A faithful, word-for-word copy of the records is required, and it must contain no pictures.

──────────────────────────────

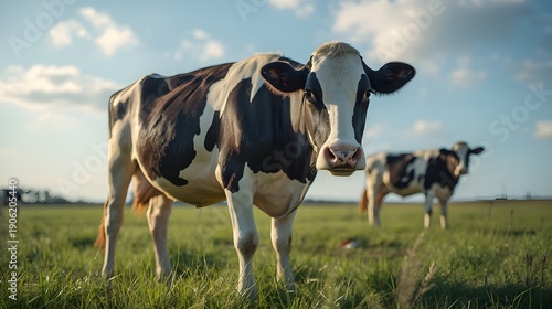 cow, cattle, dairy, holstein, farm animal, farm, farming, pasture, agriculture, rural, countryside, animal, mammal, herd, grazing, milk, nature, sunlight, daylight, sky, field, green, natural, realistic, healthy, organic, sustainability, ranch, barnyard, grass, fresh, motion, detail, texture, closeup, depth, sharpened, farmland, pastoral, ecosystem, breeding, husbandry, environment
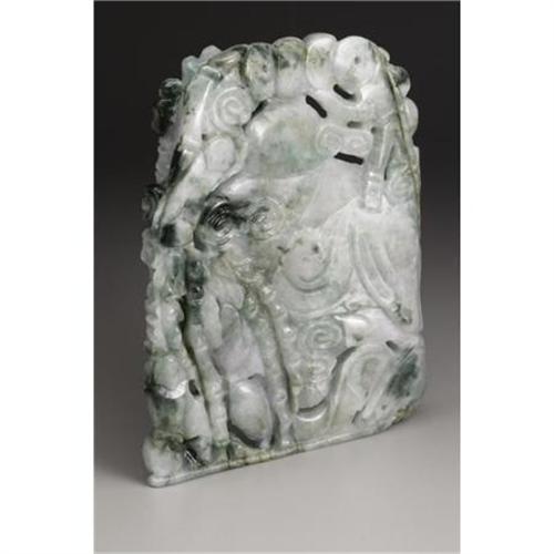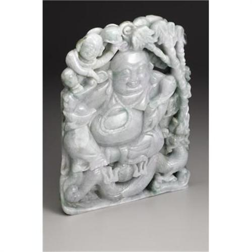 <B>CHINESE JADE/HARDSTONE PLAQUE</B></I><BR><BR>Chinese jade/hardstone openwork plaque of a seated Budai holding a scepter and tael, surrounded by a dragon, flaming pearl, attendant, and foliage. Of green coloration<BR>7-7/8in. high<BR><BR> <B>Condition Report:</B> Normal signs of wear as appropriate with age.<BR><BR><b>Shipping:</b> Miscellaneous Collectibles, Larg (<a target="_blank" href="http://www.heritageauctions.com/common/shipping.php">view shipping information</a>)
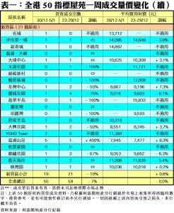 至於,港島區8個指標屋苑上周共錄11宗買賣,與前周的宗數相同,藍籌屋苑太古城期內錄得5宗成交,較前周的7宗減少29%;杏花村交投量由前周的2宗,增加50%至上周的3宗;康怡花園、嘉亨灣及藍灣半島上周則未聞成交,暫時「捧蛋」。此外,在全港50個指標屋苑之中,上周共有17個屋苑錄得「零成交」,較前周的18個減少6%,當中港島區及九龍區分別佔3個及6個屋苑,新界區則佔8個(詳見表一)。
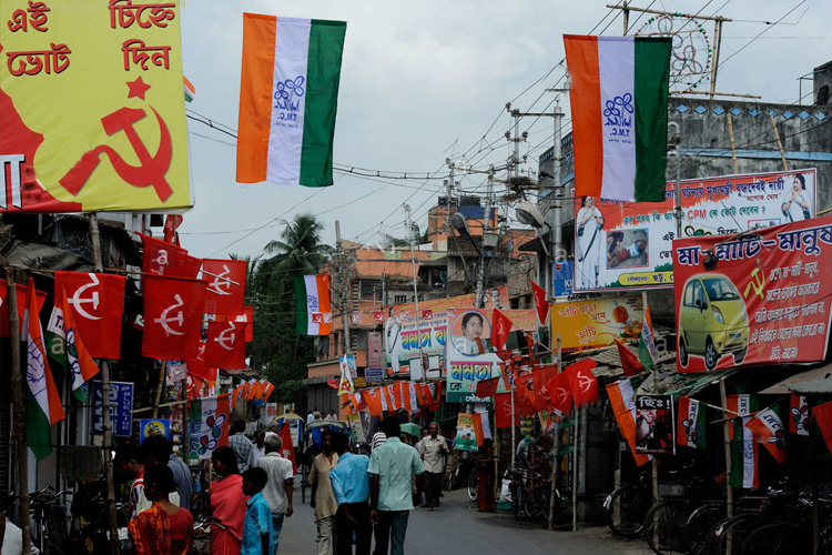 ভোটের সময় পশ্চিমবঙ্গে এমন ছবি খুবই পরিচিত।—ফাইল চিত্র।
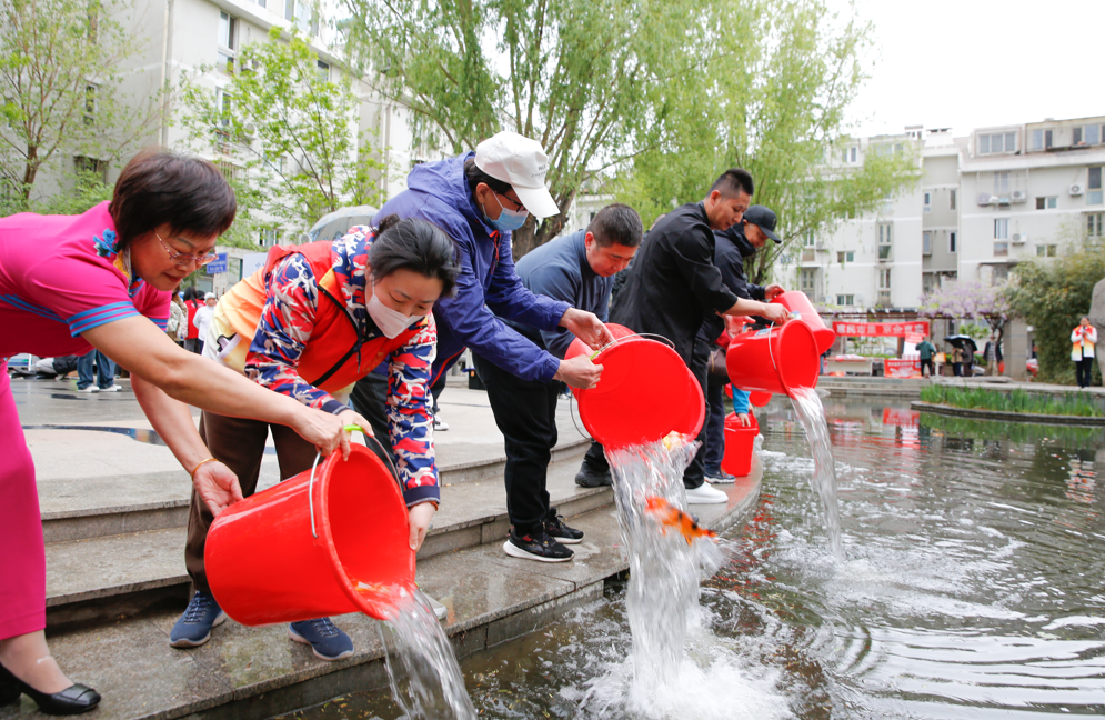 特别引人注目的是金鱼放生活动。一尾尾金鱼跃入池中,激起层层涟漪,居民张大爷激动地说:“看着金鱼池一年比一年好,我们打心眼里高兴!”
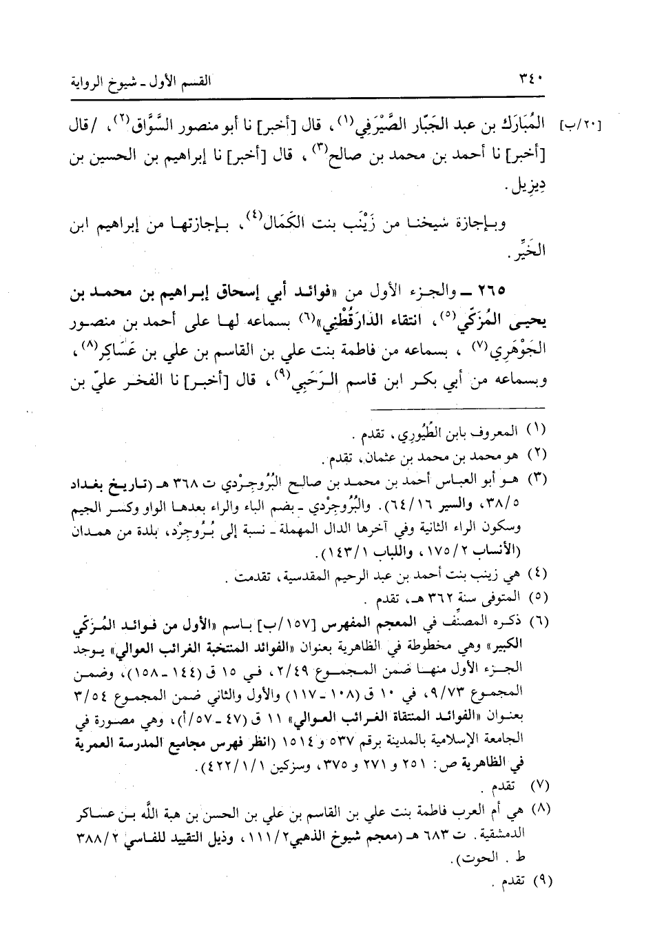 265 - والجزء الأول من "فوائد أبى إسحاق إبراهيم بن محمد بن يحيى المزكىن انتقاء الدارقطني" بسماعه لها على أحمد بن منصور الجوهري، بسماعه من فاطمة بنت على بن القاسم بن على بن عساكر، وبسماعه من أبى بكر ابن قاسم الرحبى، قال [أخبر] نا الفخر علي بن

──────────────────────────────

**RESPONSE AREA**
 cow, cattle, dairy, holstein, farm animal, farm, farming, pasture, agriculture, rural, countryside, animal, mammal, herd, grazing, milk, nature, sunlight, daylight, sky, field, green, natural, realistic, healthy, organic, sustainability, ranch, barnyard, grass, fresh, motion, detail, texture, closeup, depth, sharpened, farmland, pastoral, ecosystem, breeding, husbandry, environment
 <B>CHINESE JADE/HARDSTONE PLAQUE</B></I><BR><BR>Chinese jade/hardstone openwork plaque of a seated Budai holding a scepter and tael, surrounded by a dragon, flaming pearl, attendant, and foliage. Of green coloration<BR>7-7/8in. high<BR><BR> <B>Condition Report:</B> Normal signs of wear as appropriate with age.<BR><BR><b>Shipping:</b> Miscellaneous Collectibles, Larg (<a target="_blank" href="http://www.heritageauctions.com/common/shipping.php">view shipping information</a>)
 至於,港島區8個指標屋苑上周共錄11宗買賣,與前周的宗數相同,藍籌屋苑太古城期內錄得5宗成交,較前周的7宗減少29%;杏花村交投量由前周的2宗,增加50%至上周的3宗;康怡花園、嘉亨灣及藍灣半島上周則未聞成交,暫時「捧蛋」。此外,在全港50個指標屋苑之中,上周共有17個屋苑錄得「零成交」,較前周的18個減少6%,當中港島區及九龍區分別佔3個及6個屋苑,新界區則佔8個(詳見表一)。
 ভোটের সময় পশ্চিমবঙ্গে এমন ছবি খুবই পরিচিত।—ফাইল চিত্র।
 特别引人注目的是金鱼放生活动。一尾尾金鱼跃入池中,激起层层涟漪,居民张大爷激动地说:“看着金鱼池一年比一年好,我们打心眼里高兴!”
 265 - والجزء الأول من "فوائد أبى إسحاق إبراهيم بن محمد بن يحيى المزكىن انتقاء الدارقطني" بسماعه لها على أحمد بن منصور الجوهري، بسماعه من فاطمة بنت على بن القاسم بن على بن عساكر، وبسماعه من أبى بكر ابن قاسم الرحبى، قال [أخبر] نا الفخر علي بن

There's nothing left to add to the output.